A new study highlights there could be up to four times more fish in the mesopelagic, or ‘twilight’, zone of the Southern Ocean than previously thought. Scientists at British Antarctic Survey and Bristol University discovered that by accounting for different acoustic properties of fish, the biomass, or total weight, of mesopelagic fish is likely to be 1.8 – 3.6 times higher than they previously calculated.
Large numbers of the fish were discovered close to the seasonal ice edge – an important feeding ground for seals and penguins. This important finding alters the way researchers will need to think about studying the animals that live in the high-latitude regions close to Antarctica.
To estimate the biomass of fish in the twilight zone – the area of ocean at 200-1000m below sea level – scientists used acoustic instruments called echo-sounders. These instruments emit pulses of sound into the water which are then reflected by the fish – in particular by the gas in their swim-bladders, an organ used for buoyancy. Researchers then measure the return ‘echo’ and use this to estimate the number of fish.
Previous research based estimates of fish biomass on the average ‘echo’ expected from a fish. However, the majority of fish that live in colder polar waters lose the highly-reflective gas in their swim-bladders. This means they produce a smaller acoustic signal and, subsequently, their biomass has been underestimated.

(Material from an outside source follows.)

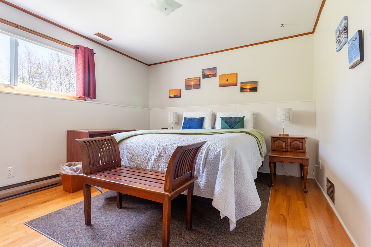 The White Crow guest suite- in lower level of our home. Lots of natural light throughout space. Enjoy quiet sleep in queen bed with black out blinds. Private bathroom. Minutes from hwy 104. Own driveway, private entry. 5 indoor steps to self contained suite. Large private backyard. Full kitchen (4 burner cooktop; 3 in 1 -microwave/toaster oven/air fryer; magic pot; pots & pans etc). Shared access to laundry & campfire. Cot with mattress or playpen- on request. *Pet friendly - $25/stay

In this study, scientists used net samples to identify the species present and study the size, shape and structure of the individual fish species. This information was used to model the expected echo from the most common species. By combining this with echosounder data, the researchers were able to estimate the mesopelagic fish biomass.
Lead author Dr Tracey Dornan, a fisheries acoustician at British Antarctic Survey said, “This research is hugely important as people have interpreted declines in acoustic survey signals towards Antarctica as a decrease in fish biomass – but this isn’t the case. We’ve shown that there is actually likely to be a peak in fish biomass towards the seasonal ice edge, but the typically larger fish that live here are relatively poor at scattering the acoustic signal back because they lack a gas-filled swimbladder, so their biomass has been underestimated.”
Fish living in the twilight zone not only form an important part of predators’ diets, including king penguins and seals, but also play a vital role in the ocean’s carbon cycle. The twilight-zone fish migrate vertically, feeding on zooplankton in surface waters before returning to the ocean depths during the day. This vertical migration transports surface carbon to deep water through respiration.
Co-author and ecologist Dr Sophie Fielding, who supervised the project added, “This research highlights the importance of accounting for the unique scattering properties of individual species. This is particularly important in the face of climate change, as studies have predicted that acoustic signal is likely to increase. However, this could indicate a decrease in fish biomass as smaller, highly-reflective species move further south.”